- [RECORDS SHOWN]:
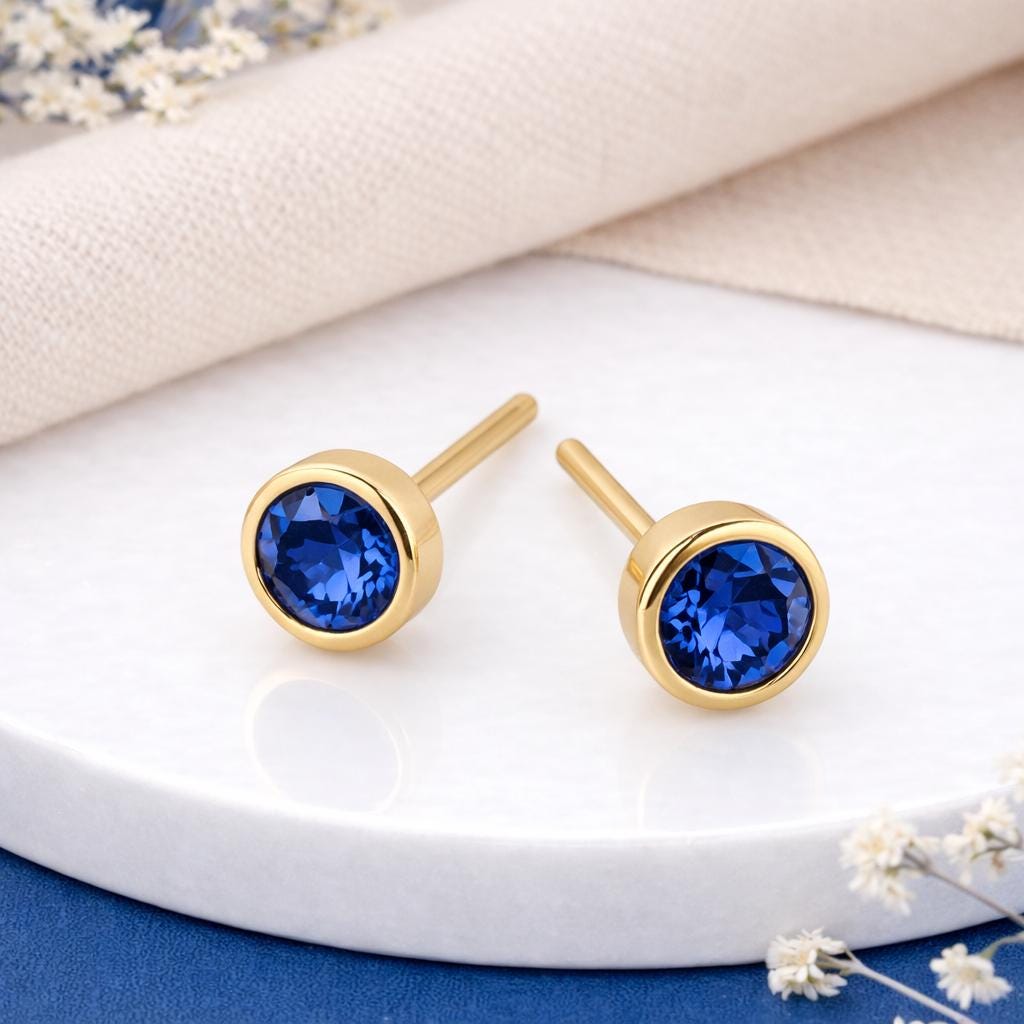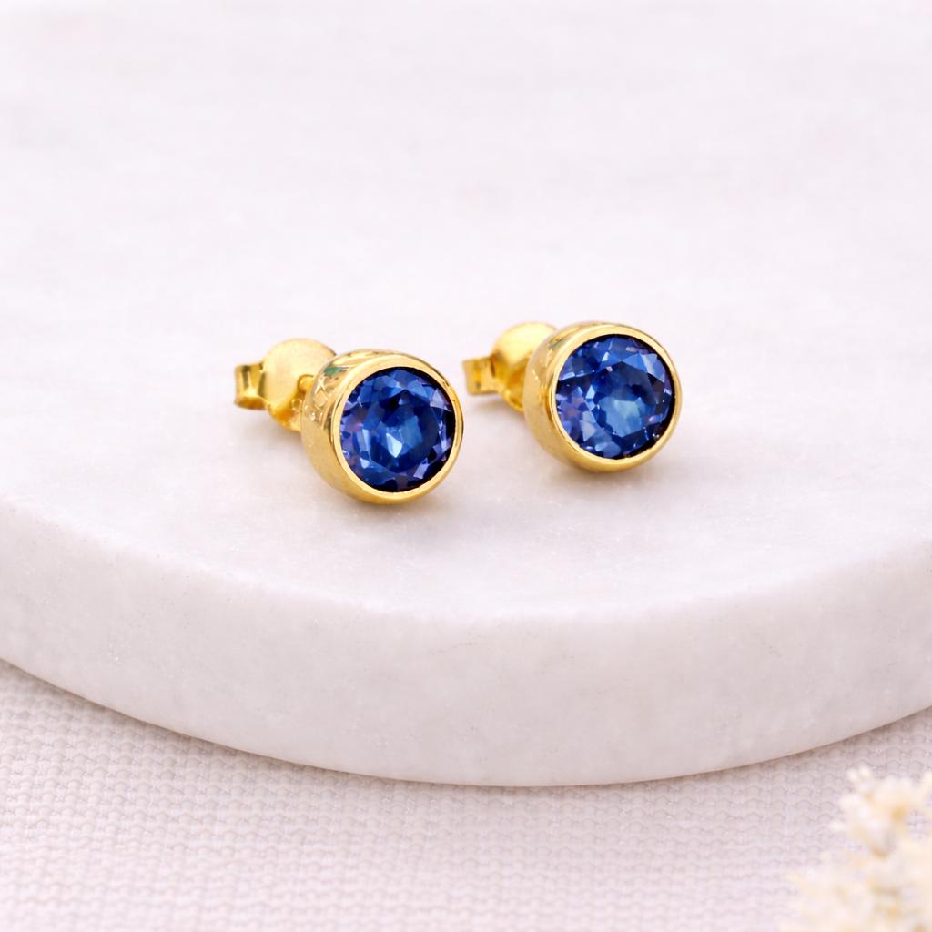 These September birthstone stud earrings are handcrafted from solid 925 sterling silver with 18ct yellow gold plating and set with a sapphire coloured cubic zirconia, creating a deep blue focal point with a classic, elegant finish.
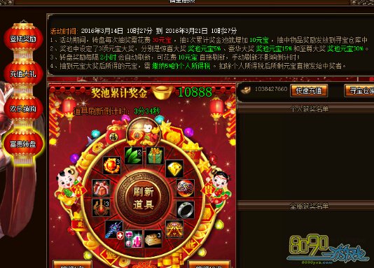 烈火战神3月16日-23日好运转盘 极品奖励随机抽取就看你的啦
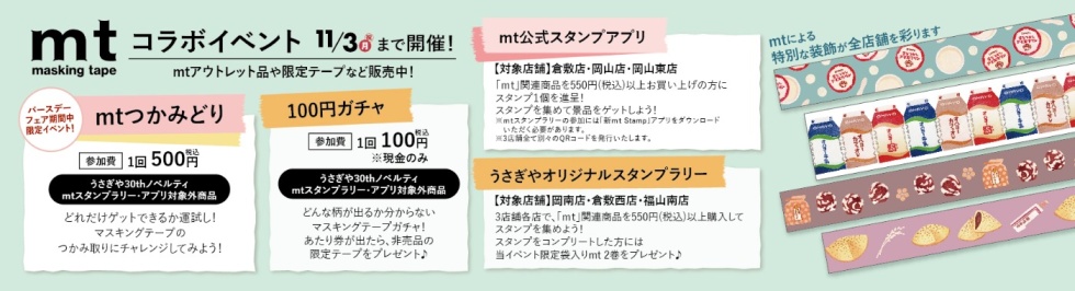 また、「うさぎや30th♡mt」の特別イベントとして、11月1日(土)から3日(月祝)の3日間、全店舗にてmtのつかみ取りを開催いたします。
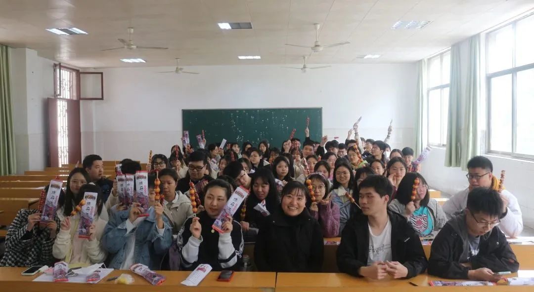 是谁见过凌晨的校园,听过清晨的鸟鸣,只为奔赴一场战斗?没有满天弥盖的硝烟,没有隆隆作响的轰炸,只有沉溺于深海般的静默,只有考研学子们顽强的拼搏。在大家考前想要放弃的时候,刘树芬老师帮助考研学子缓解压力,坚定信心,鼓舞士气,并与同学们约定——给坚持到最后的、踏进考场的同学们一份特别的礼物。刘树芬老师对考研学生细心叮嘱为了兑现当初的诺言,2023年3月12日上午,刘树芬老师自掏腰包给同学们准备了一份惊喜,将精心准备的糖葫芦分发给每一位考研学生,为即将踏上人生新征程的毕业生们送去了最真诚的慰问与祝福。
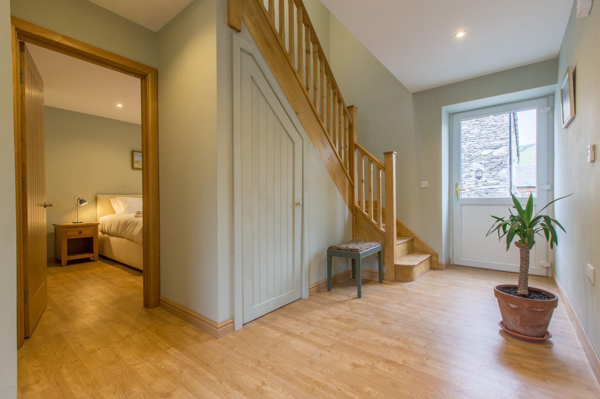 After such a long period of restrictions here in the north of England and being prohibited from visiting our daughter, her husband and our grandchildren for 16 months we needed this holiday to be fabulous and it was. The property and the location are beautiful. Our party comprised 4 adults and 2 under 5\'s and our only slight negative was that as the kitchen and living room were upstairs, we could have done with a safety gate at the top of the wooden staircase. That aside we could hardly fault the place.

- [EXERCISE PROMPT]: The line that contains "是谁见过凌晨的校园,听过清晨" begins the part to retype, and the last line of the records above ends it. Retype both and everything between, exactly, without the pictures.

- [OUTPUT BELOW]:
 是谁见过凌晨的校园,听过清晨的鸟鸣,只为奔赴一场战斗?没有满天弥盖的硝烟,没有隆隆作响的轰炸,只有沉溺于深海般的静默,只有考研学子们顽强的拼搏。在大家考前想要放弃的时候,刘树芬老师帮助考研学子缓解压力,坚定信心,鼓舞士气,并与同学们约定——给坚持到最后的、踏进考场的同学们一份特别的礼物。刘树芬老师对考研学生细心叮嘱为了兑现当初的诺言,2023年3月12日上午,刘树芬老师自掏腰包给同学们准备了一份惊喜,将精心准备的糖葫芦分发给每一位考研学生,为即将踏上人生新征程的毕业生们送去了最真诚的慰问与祝福。
 After such a long period of restrictions here in the north of England and being prohibited from visiting our daughter, her husband and our grandchildren for 16 months we needed this holiday to be fabulous and it was. The property and the location are beautiful. Our party comprised 4 adults and 2 under 5\'s and our only slight negative was that as the kitchen and living room were upstairs, we could have done with a safety gate at the top of the wooden staircase. That aside we could hardly fault the place.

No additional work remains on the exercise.